As described in this Wired story last year, Vastaamo filled an urgent demand for psychological counseling, and it won accolades from Finnish health authorities and others for its services.
“Vastaamo was a private company, but it seemed to operate in the same spirit of tech-enabled ease and accessibility: You booked a therapist with a few clicks, wait times were tolerable, and Finland’s Social Insurance Institution reimbursed a big chunk of the session fee (provided you had a diagnosed mental disorder),” William Ralston wrote for Wired. “The company was run by Ville Tapio, a 39-year-old coder and entrepreneur with sharp eyebrows, slicked-back brown hair, and a heavy jawline. He’d cofounded the company with his parents. They pitched Vastaamo as a humble family-run enterprise committed to improving the mental health of all Finns.”
But for all the good it brought, the healthcare records management system that Ville Tapio built from scratch reportedly relied on little more than a MySQL database that was left dangerously exposed to the web for 16 months, guarded by nothing more than an administrator account with a blank password.

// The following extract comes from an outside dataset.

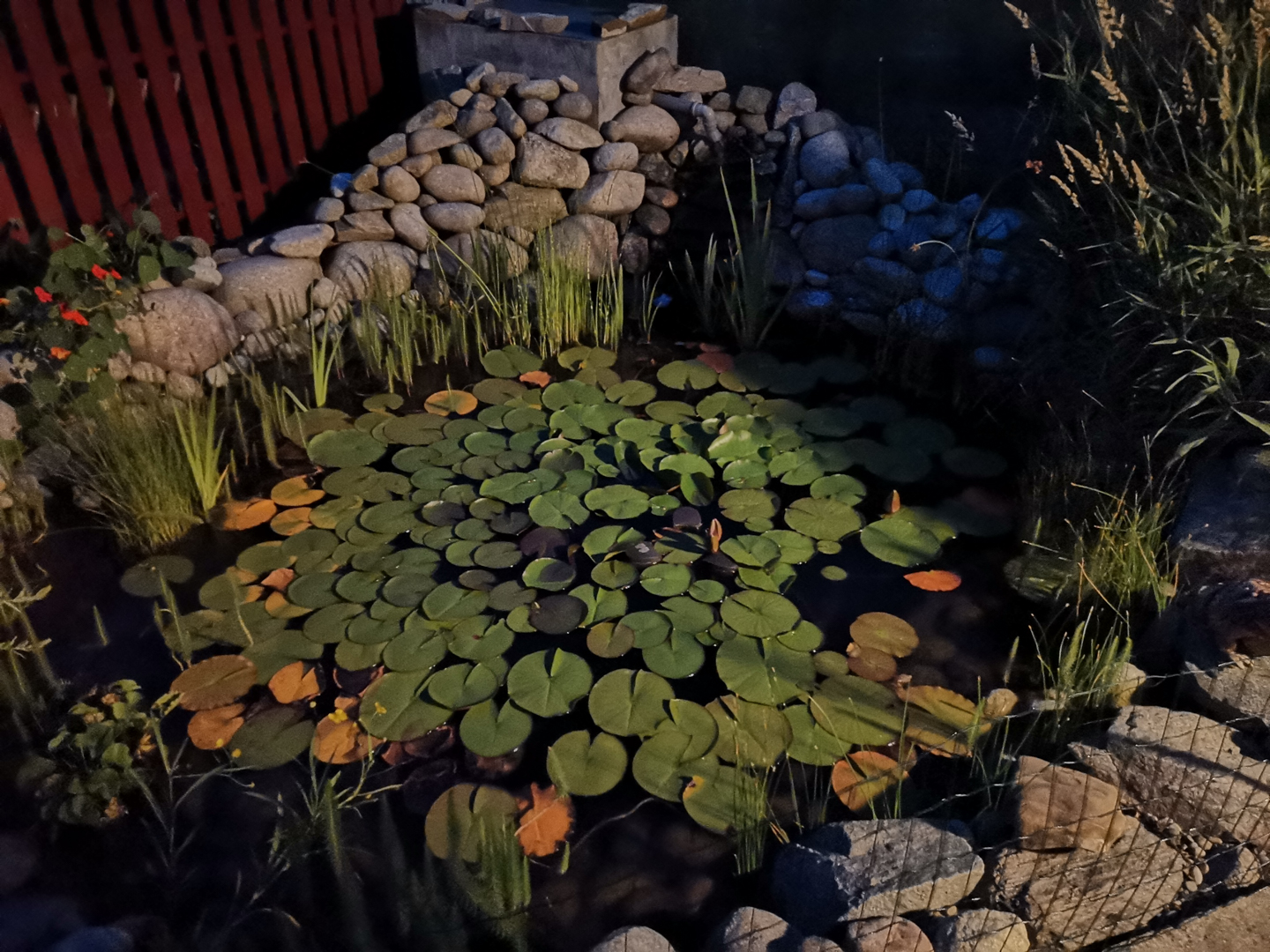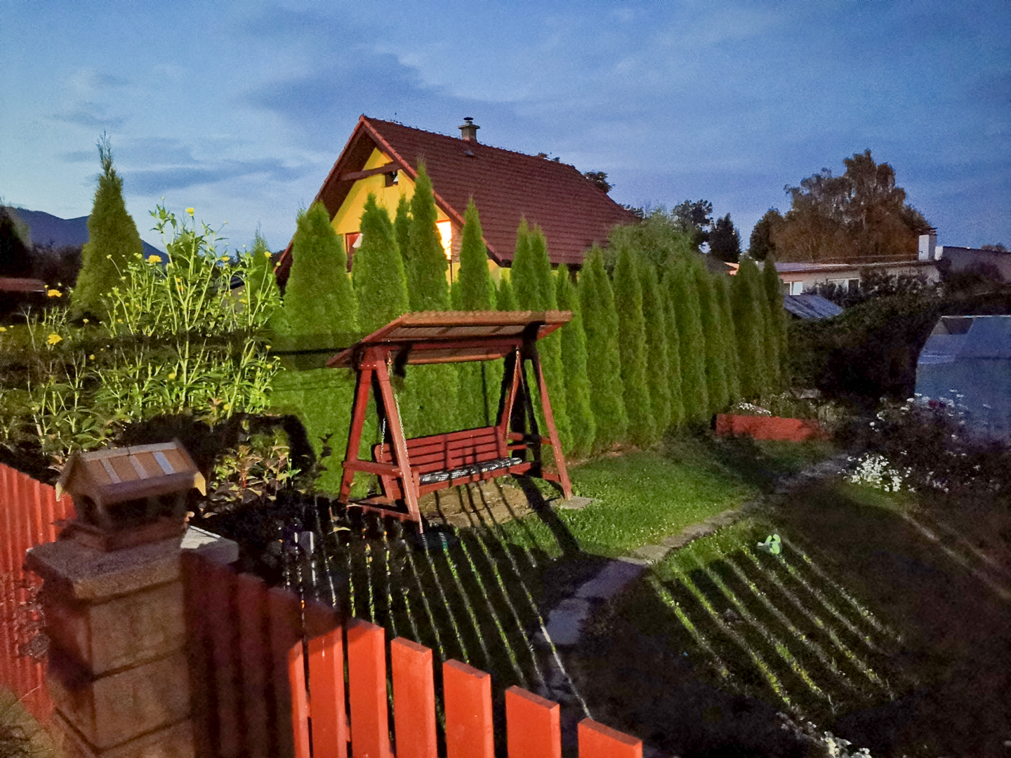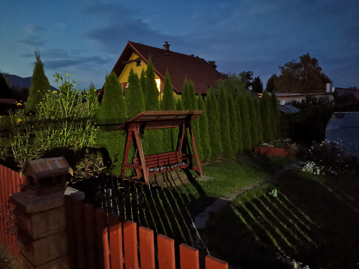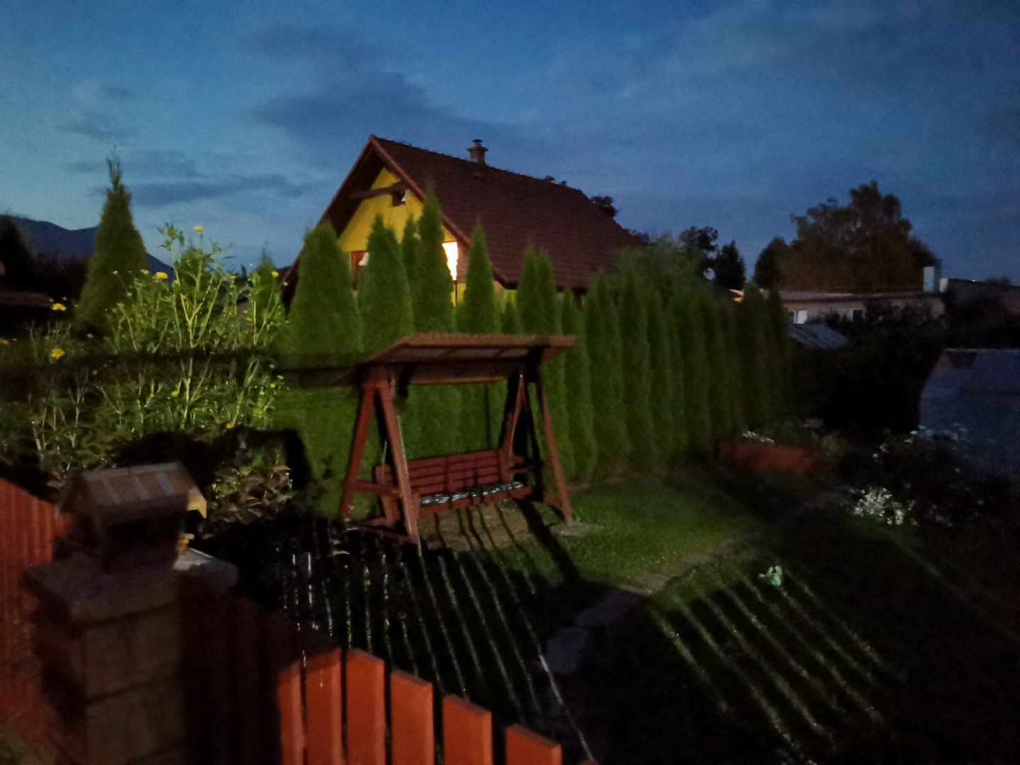Vľavo obrázok zosnímaný v nočnom režime, vpravo obrázok upravený v aplikácii Galéria. Záber je zosnímaný pri osvetlení malou záhradnou solárnou LED lampou

The Finnish daily Iltalehti said Tapio was relieved of his duties as CEO of Vastaamo in October 2020, and that in September, prosecutors brought charges against Tapio for a data protection offense in connection with Vastaamo’s information leak.
“According to Vastaamo, the data breach in Vastaamo’s customer databases took place in November 2018,” Iltalehti reported last month. “According to Vastaamo, Tapio concealed information about the data breach for more than a year and a half.”